Hi there,
On 1/30/07 7:00 PM, "[EMAIL PROTECTED]" <[EMAIL PROTECTED]> wrote:
> Chris,
>
> I saw your name associated with the rss parser in nutch. My understanding is
> that nutch is using feedparser. I had two questions:
>
> 1. Have you looked at vtd as an rss parser?
I haven't in fact; what are its benefits over those of commons-feedparser?
> 2. Any view on asynchronous communication as the underlying protocol? I do
> not believe that feedparser uses that at this point.
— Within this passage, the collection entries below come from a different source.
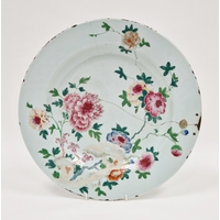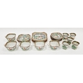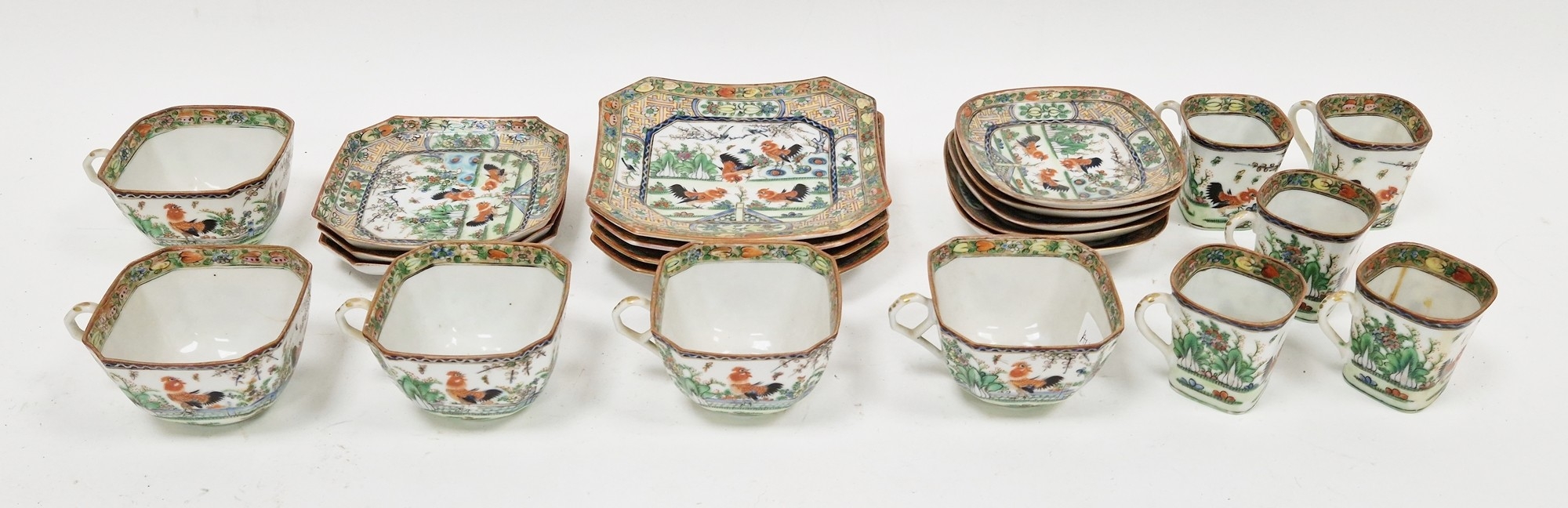 Early 20th century Chinese famille verte part tea and coffee-service, printed red CHINA marks, painted with cockerels before terracing and prunus, comprising: five teacups and three saucers, five coffee cups and five saucers and four side-plates, all of square shaped form (some cracking and minor damages)
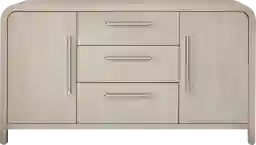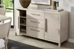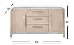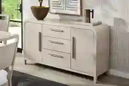 Subtle art deco flair infused with warm, family-friendly appeal is the hallmark of the captivating curves and lines of the Drew & Jonathan Canyon buffet. Exuding contemporary charm, this piece is finished in a light gray hue and shaped into organic stirrup-style bends. Three shelves on either side keep things tidy behind the cabinet doors, and three central drawers maximize the storage space.
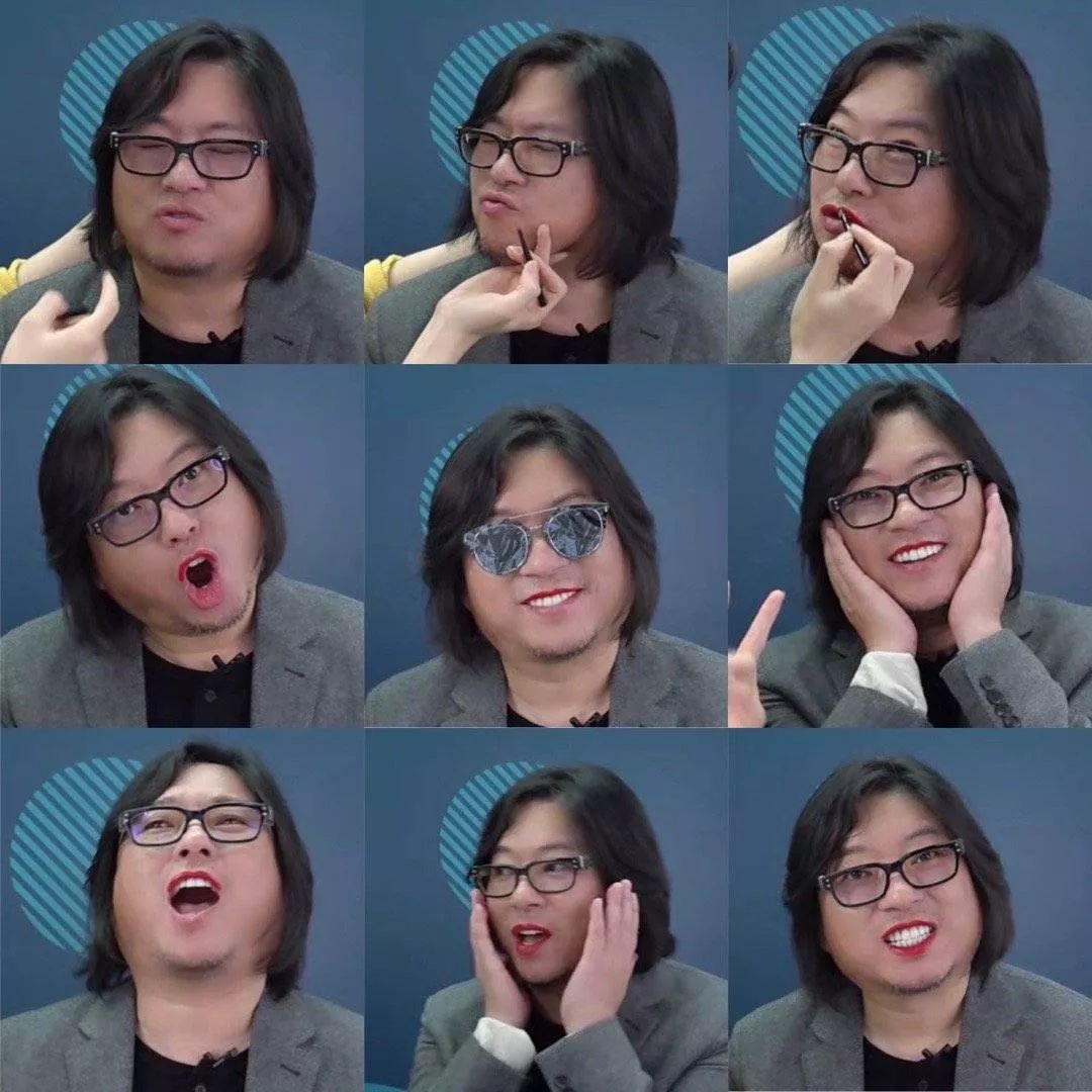 因为善用瘦脸滤镜而成为网红的高晓松也乐于接受李佳琦的表情包挑战。当要求演绎出“开心的像个两百斤的孩子”的表情时,他双手托腮作呆萌状,越活越年轻的50岁中年人。

I'm not sure exactly what asynchronous communication when parsing rss feeds
affords you: what type of communications are you talking about above? Nutch
handles the communications layer for fetching content using a pluggable,
Protocol-based model. The only feature that Nutch's rss parser uses from the
underlying feedparser library is its object model and callback framework for
parsing RSS/Atom/Feed XML documents. When you mention asynchronous above,
are you talking about the protocol for fetching the different RSS documents?
Thanks!
Cheers,
Chris
>
> Thanks
>
>
> -----Original Message-----
> From: Chris Mattmann <[EMAIL PROTECTED]>
> Date: Tue, 30 Jan 2007 18:16:44
> To:<[email protected]>
> Subject: Re: RSS-fecter and index individul-how can i realize this function
>
> Hi there,
>
> I could most likely be of assistance, if you gave me some more information.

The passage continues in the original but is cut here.